The Oneida Nation sued the village of Hobart, located near Green Bay in northeastern Wisconsin, in 2016 looking for declaratory and injunctive relief as to the village’s ability to enforce its permitting ordinance on the reservation.
The village told the tribe that it would have to obtain an events permit for its Big Apple Fest, but the tribe refused, saying all of Hobart’s laws were preempted by federal ones stating that tribes have inherent powers of self-regulation on reservation land.
The Oneida Nation maintain that their reservation still has its original 1838 boundaries encompassing 65,400 acres that cross into Hobart, Green Bay and the village of Oneida.
A federal judge agreed with Hobart in that the tribe’s land had been diminished over time and now only takes up 14,078 acres held in trust by the U.S. government, and granted a summary judgment in favor of the village last year, which the tribe appealed to the Seventh Circuit.
A three-judge panel – made up of U.S. Circuit Judges Amy St. Eve, Diane Sykes and David Hamilton, appointed by Donald Trump, George W. Bush and Barack Obama, respectively – heard arguments from both sides centering on whether the Oneida Nation’s reservation still even existed.
Attorney Frank Kowalkowski of von Briesen & Roper in Green Bay argued on behalf of Hobart that the reservation had in fact been at the very least greatly diminished in size.
Pointing to the Dawes Act of 1887, which allowed for reservation lands to be parceled out to individual tribe members, Kowalkowski said at the time Congress “believed reservations were a thing of the past.”
“Congress acted to break up tribal territories through allotments,” the attorney added. “That was the purpose of these allotment acts. To extinguish reservations.”
According to Kowalkowski, by 1906 “the Oneida Nation already had the allotments handed out to the tribal members, with 95% of its land gone,” calling the tribe “one of the extreme cases of allotment.”
White settlers took over the area in the early 1900s and tribe members began selling and conveying their parcels of land to those settlers, according to Hobart’s brief to the Seventh Circuit.
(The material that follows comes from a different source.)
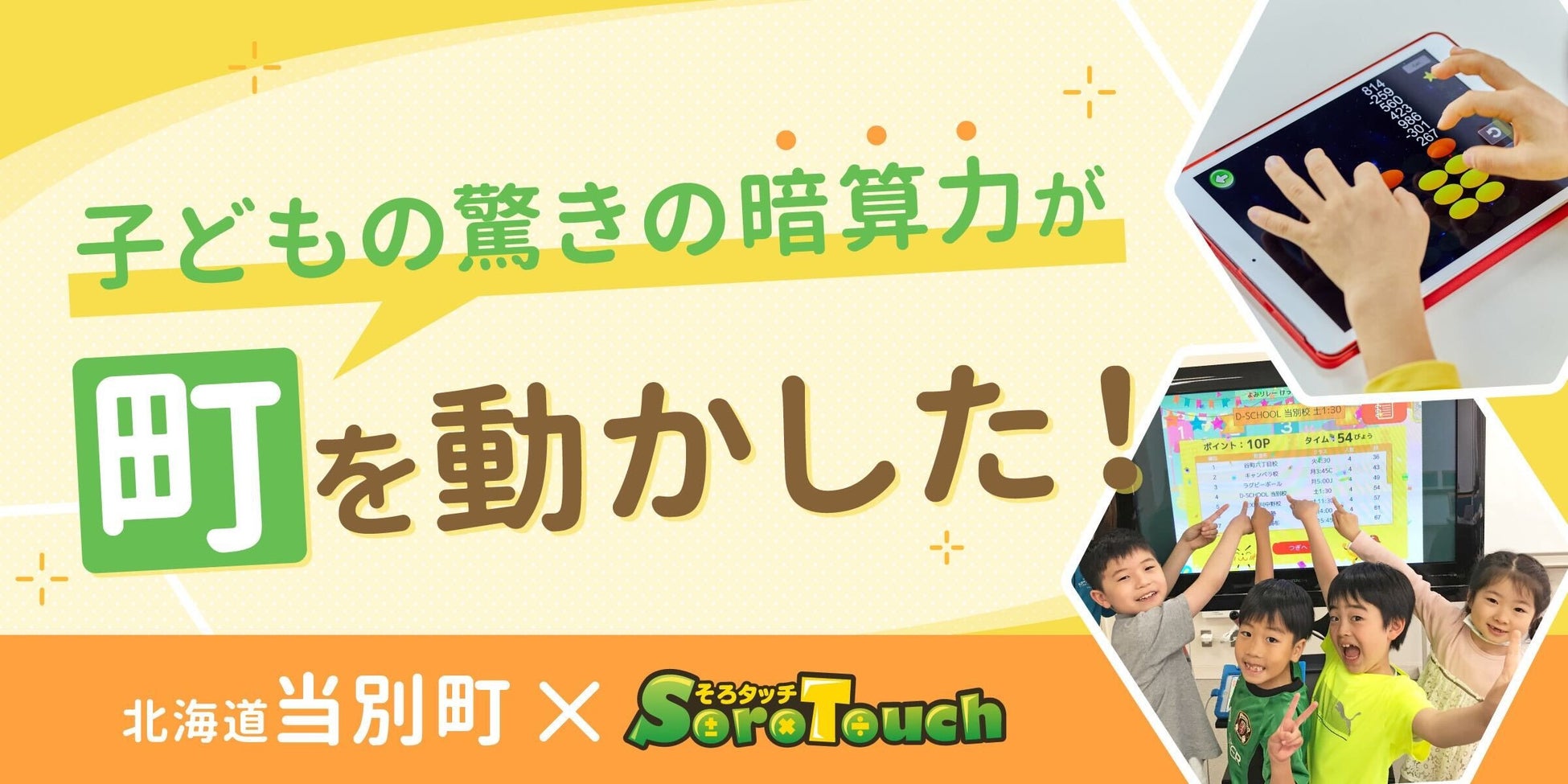 北海道にそろタッチは13教室を開講しています(2024年2月時点)。そのうち、シーラクンスが北海道札幌市で運営するそろタッチ教室 D-SCHOOL北海道サツドラ北8条校で学ぶ一人の生徒は、札幌市から27kmほど距離のある当別町から通い暗算力を習得した結果、その生徒の素晴らしい暗算力に当別町長初め町役場の方々の目に留まり、そこからシーラクンスのノウハウを活用することにより本プロジェクトのスタートにつながりました。

Up through the 1970s, documents show that federal officials and the tribe itself no longer considered the reservation to be in existence, the brief adds.
The current reservation land was only later returned to Oneida ownership through the Indian Reorganization Act of 1934, after which the tribe worked with the U.S. government to repurchase parcels.
“It was not believed that a reservation would exist once it fell out of Indian ownership,” Kowalkowsi said. “There’s 14,000 acres that are Indian country and the rest is not.”
Washington, D.C.-based attorney Arlinda F. Locklear, representing the Oneida Nation, said that numerous U.S. Supreme Court decisions have held otherwise.
“The district court made a decision here that was unprecedented,” Locklear said, adding that it “directly contradicts a 100-year-old body of Supreme Court authority.”
Locklear added that although the reservation land had been reduced to individual parcels over time, known as “checkerboarding,” there is a widely held view that the original boundaries still remain intact.
The attorney claimed that even if parts of original reservation land had been sold to non-Indians, “nonetheless those parcels remain a part of the Indian reservation.”
“The Oneida Nation was in occupation of a reservation, by specific reference to the 1838 boundaries,” as late as 1936, Locklear said. The tribe’s brief says that the state of Wisconsin recognized those same boundaries in 1981.
Only Congress can change the boundaries of a reservation, the brief states. They are not diminished simply by handing out titles to the land.
Kowalkowski argued that no matter the current size of the reservation, parts of the Big Apple Fest took place on non-reservation land and the Oneida Nation must still adhere to village’s permitting rules.
“The judgment is that the village ordinance can be applied to Apple Fest,” he said. “The Nation shut down and barricaded a village road.”
“That’s pretty significant,” Kowalkowski added.
If the tribe is allowed to continue following its own rules, “the issues that could stem from that are far-reaching,” the attorney argued.
Locklear worried about the implications of the outcome of the case, saying that the tribe’s right to its own law enforcement, taxation and gaming licensing could all be put in jeopardy.
“There’s no question that there would be an expansion of the judgment,” she said.
The panel took the case under advisement and did not indicate when the court will issue a decision.